Phosphate homeostasis and energy metabolism in Dictyostelium discoideum

In all living systems, homeostasis maintains constancy despite fluctuating environmental conditions. Inorganic phosphate (Pi) is an essential component of life for which the cellular concentration must be tightly controlled. Pi is incorporated in nucleic acids, proteins, lipids, and sugars, serving structural and signaling functions. It is also involved in energy metabolism since the high-energy bonds present in ATP, the main energy currency in the cell, are phosphoanhydride (Pi-Pi) bonds. Alterations in Pi homeostasis or in the levels of Pi storage form (polyphosphate) is linked to many pathological states including myopathy, cardiac dysfunction, platelet dysfunction, hyperparathyroidism, obesity, tumour formation, and cancer. There must then be a system that controls Pi homeostasis in concert with energy metabolism. One excellent candidate to act in such a system is the inositol pyrophosphates (PP-IPs). These are ubiquitously distributed highly phosphorylated molecules that have been described as metabolic messengers, being involved in many processes including cell signalling, gene transcription, growth, proliferation, and regulation of metabolic homeostasis. The purpose of this study is to understand Pi homeostasis by elucidating the relationships between Pi homeostasis, energy metabolism, and PP-IPs, using the social amoeba Dictyostelium discoideum as a model system.
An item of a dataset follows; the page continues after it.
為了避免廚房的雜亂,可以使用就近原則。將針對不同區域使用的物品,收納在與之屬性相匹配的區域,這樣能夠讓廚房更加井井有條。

We have uncovered the enzymology behind an alternative “soluble” route to synthesis of inositol phosphates. ITPK1, initially described as an IP3/4 kinase, phosphorylates glucose-6-phosphate derived IP1 to produces higher inositol phosphates. This pathway is totally independent from the synthesis of IP3 by phospholipase C. The elucidation of this pathway was made possible using the polyacrylamide gel electrophoresis analysis of inositol polyphosphates. This technique also allowed us to demonstrate that the levels of inositol polyphosphates is tightly regulated by the metabolic state of the cells. For instance, ATP depletion induced by Pi starvation induces a dramatic ITPK1-dependent increase in inositol polyphosphates. ITPK1 is present not only in animals, plants, and social amoebae, but also in archaeal clades thought to define eukaryogenesis (Asgard), indicating that inositol phosphates had functional roles before the appearance of the eukaryote.
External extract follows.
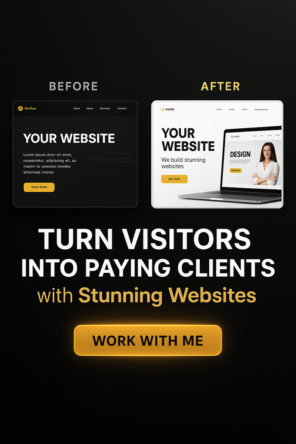 Draw attention and turn your visitors into paying clients with this ultra-realistic, sleek service ad designed exclusively for premium web design agencies. Featuring a modern and clean layout with bold typography, this ad powerfully showcases a “Before & After” website transformation to highlight your design impact.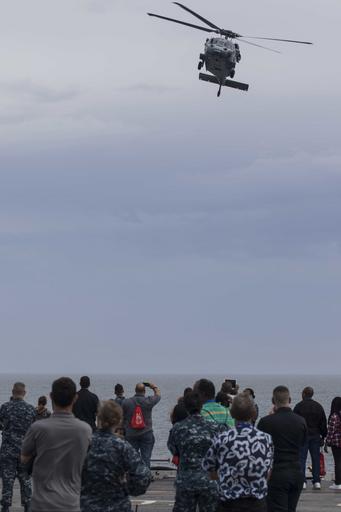 | Keywords: 161001-N-AY374-196 161001-N-AY374-196.jpg en 161001-N-AY374-196 ATLANTIC OCEAN Oct 1 2016 Spectators attending the aircraft carrier USS George Washington CVN 73 friends and family day look on during an air demonstration George Washington is homeported in Norfolk after serving seven years in Yokosuka Japan as the U S Navy's only forward-deployed aircraft carrier U S Navy photo by Petty Officer 3rd Class Jacob Goff Unit Navy Media Content Services DVIDS Tags CVN 73; Friends and Family day; NMCS; USS George Washington; DVIDS Bulk Import 2016-10-01 Petty Officer 3rd Class Jacob Goff https //www dvidshub net/image/2896127/161001-n-ay374-196 161001-N-AY374-196 2016-10-04 00 34 PD-USGov-Military-Navy USS George Washington CVN-73 Images from DoD uploaded by Fæ |

We also have investigated the regulation of inorganic polyphosphate synthesis and the mechanism of its secretion in D. discoideum. We have developed an assay to induce synthesis and secretion on a short time-scale, which allowed us to decipher these biological processes using genetic and pharmacological tools. Our data show that polyphosphate synthesis is induced by high cell density. Moreover, the secretion is a vesicle-mediated process suggesting that the polymer is first translocated across a biological membrane to the interior of an unidentified organelle that by fusing with the plasma membrane release polyphosphate into the environment. In addition, our data demonstrate that, in D. discoideum, inositol polyphosphates do not control directly polyphosphate synthesis.
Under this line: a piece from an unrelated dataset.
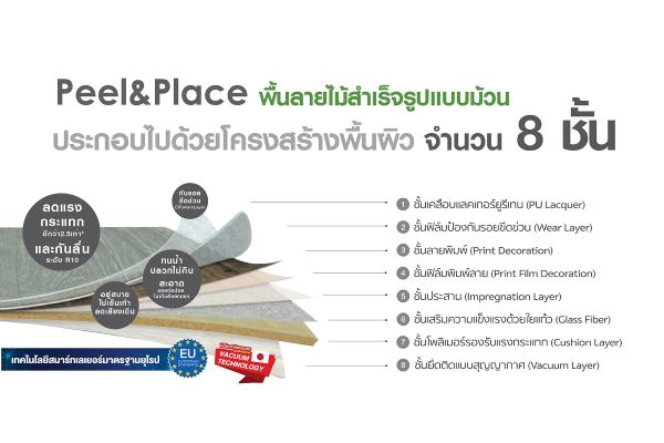 Peel & Place Collection จึงเป็น “พื้น” เพื่อสุขภาพที่เหนือกว่า ด้วยนวัตกรรมใหม่ที่มีระบบ Vacuum Technology จากญี่ปุ่น ที่ติดตั้งง่ายด้วยระบบสุญญากาศ ไม่ต้องใช้กาว ไม่ต้องรื้อพื้นแค่ลอกและปูทับได้ทุกพื้นผิว มาพร้อมเทคโนโลยีสมาร์ทเลเยอร์มาตรฐานยุโรป (European Standard) มีความปลอดภัย กันลื่นในระดับ R10 แต่ยังคงความแข็งแรงทนทาน ที่มาพร้อมความยืดหยุ่นพิเศษในรูปแบบม้วนสำเร็จช่วยให้สามารถปูเสร็จได้ภายใน 1 วัน โดยปราศจากฝุ่น ไร้กลิ่น ช่วยลดมลพิษได้ทางหนึ่ง และสามารถเข้าอยู่ได้ทันที อีกทั้งยังเติมเต็มด้วยความสวยของลายไม้ ที่คัดสรรลวดลายแบบ Exclusive มีเอกลักษณ์เฉพาะตัว มีความเสมือนไม้จริงทุกองศา มีความนูนต่ำเหมือนผิวไม้ ให้ความรู้สึกอบอุ่นสัมผัสได้ถึงความเป็นธรรมชาติอย่างแท้จริง ทั้งยังป้องกันน้ำได้ถึง 100% รวมถึงป้องกันปลวกและแมลงทุกชนิดด้วย”

This work has redefined the biosynthetic pathway of inositol polyphosphates synthesis in eukaryotes established 30 years ago. It has also strengthened the link between basic metabolism and inositol polyphosphates showing that the glycolytic intermediate glucose-6-phosphate represent, when metabolism slowdown, the main resource to produce inositol phosphates. It is now important to identify how this pathway is regulated under normal conditions and how inositol phosphates synthesis is affected in metabolic disorders.
Although inorganic polyphosphate is present in and secreted by mammalian cells, the enzyme responsible for its synthesis is unknown. We believe that understanding how the polymer is exported to the extracellular medium and how its synthesis is regulated using D. discoideum as a model organism will provide the information needed to identify the mammalian enzyme.